As we go on our walks, I find it funny when some people recognize him and say how handsome he’s become. They would stop and I could hear them whispering, “Isn’t that the stray dog we saw last week? He looks so different!”
WF: What’s the best pet parenting tip you can give for first-time animal owners?
CP: Patience. You’re gonna need a lot of that. They’re gonna pee, poo, and break a lot of stuff (especially puppies) before you start seeing results. Be consistent when you train them for faster results. Food, love, and treats are the best for training, not punishment. Dogs naturally want to please you, so take advantage of that.
All your pet really wants is love and attention. They don’t need fancy stuff. A piece of paper is just as fun as an expensive toy. They can sleep on an old towel just as long as they’re with you. Also, keep their vaccines up-to-date and have them checked regularly. It’s much cheaper than having to treat a disease that’s already progressed because of negligence.
WF: Why would you personally encourage adopting animals?
CP: There are so many unwanted animals that are suffering because they have no one to take care of them. There are so many animals in need that are in pounds or on the streets. There are also horror stories about irresponsible breeders who only really care about making money off of poor animals. The cycle has to stop. A pure-bred dog and one from a shelter can give you the same kind of love and happiness.

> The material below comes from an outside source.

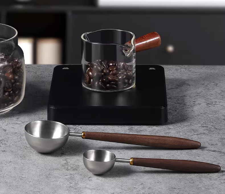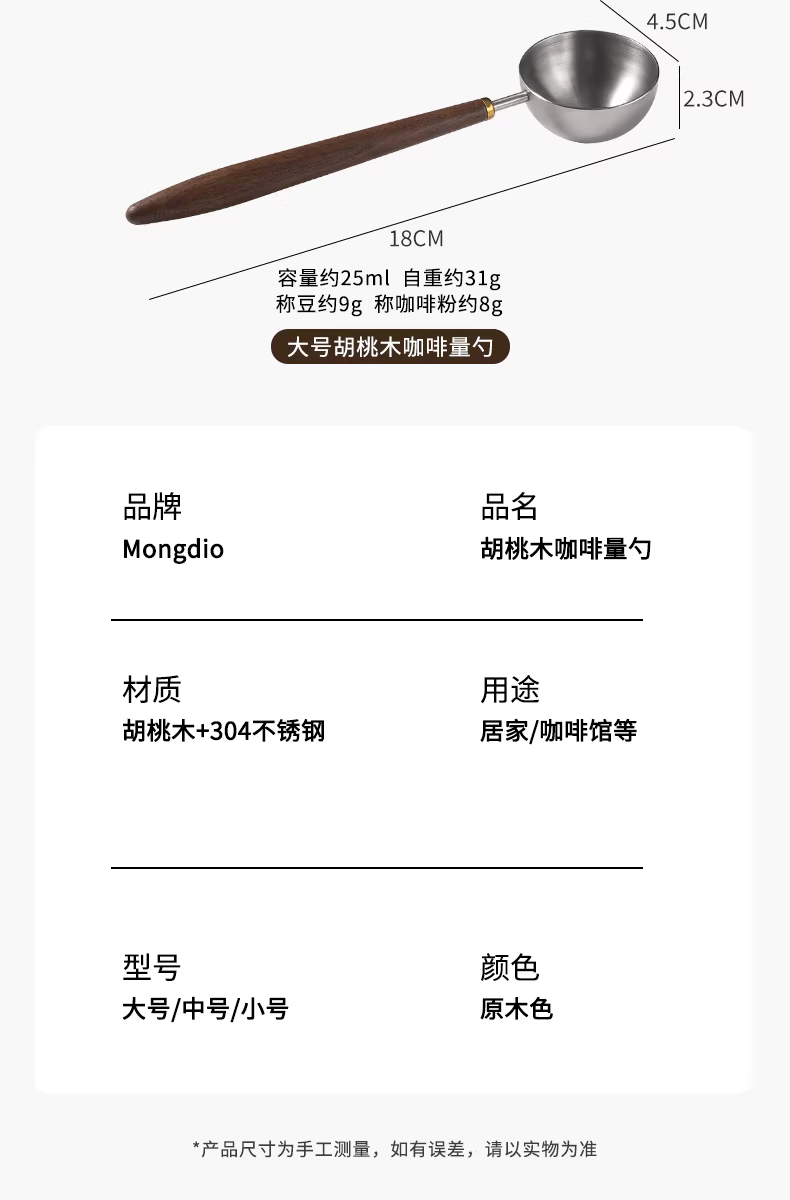 Muỗng cà phê Mongdio muỗng đong cà phê bằng thép không gỉ muỗng bột cà phê muỗng hạt cà phê tay cầm bằng gỗ quả óc chó gram muỗng muỗng đong

My first-time animal adoption experience has shown me how big a difference having a home has made to how Spike behaves. He used to be so stiff and anxious all the time in our house. Now he’s more relaxed, at ease, and you could see that he’s actually happy. That, in turn, has made me so happy.
WF: How has your life changed after adopting a pet?
CP: There’s always a sense of fulfillment when you know you’ve made a difference, and seeing how happy he is now is kind of a drug for me. Haha!